▶ **Exercise description**
Carry none of the pictures over; write out the complete data exactly.

▶ **Data excerpt**

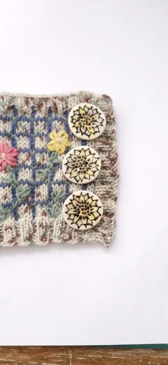 I love the late summer flowers of July and August and the warm colours of sunflowers. I wanted to make some handpainted floral buttons to celebrate the season. These sunflower buttons are individually handprinted. I layer up the colour of the petals prior to adding the raised black slip, which I pipe on. The raised slip leaves a wonderful raised design adding to the texture of the buttons.
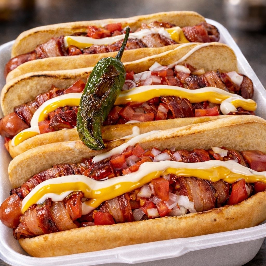 3 Hot Dogs con Tocino, pan grande, salchicha de pavo, jitomate, cebolla, ketchup, mayonesa y mostaza
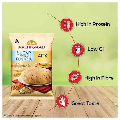 LOW GI ATTA: Aashirvaad Sugar Release Control Atta is a Low GI atta which releases sugar slowly in the body thus helping prevent sugar level spikes
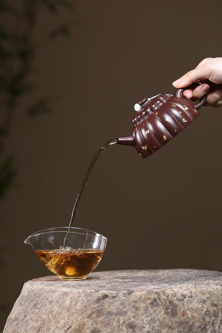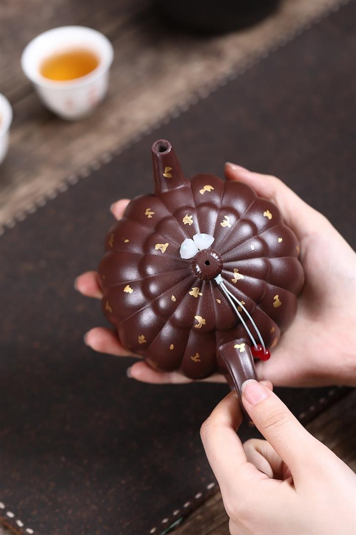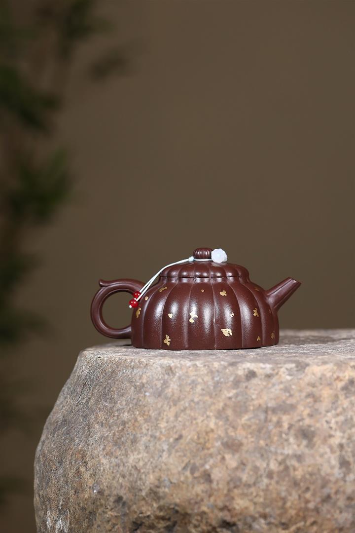 原礦老紫泥灑金筋紋菊蕾茶壺POT6974

▶ **Finished exercise**
 I love the late summer flowers of July and August and the warm colours of sunflowers. I wanted to make some handpainted floral buttons to celebrate the season. These sunflower buttons are individually handprinted. I layer up the colour of the petals prior to adding the raised black slip, which I pipe on. The raised slip leaves a wonderful raised design adding to the texture of the buttons.
 3 Hot Dogs con Tocino, pan grande, salchicha de pavo, jitomate, cebolla, ketchup, mayonesa y mostaza
 LOW GI ATTA: Aashirvaad Sugar Release Control Atta is a Low GI atta which releases sugar slowly in the body thus helping prevent sugar level spikes
 原礦老紫泥灑金筋紋菊蕾茶壺POT6974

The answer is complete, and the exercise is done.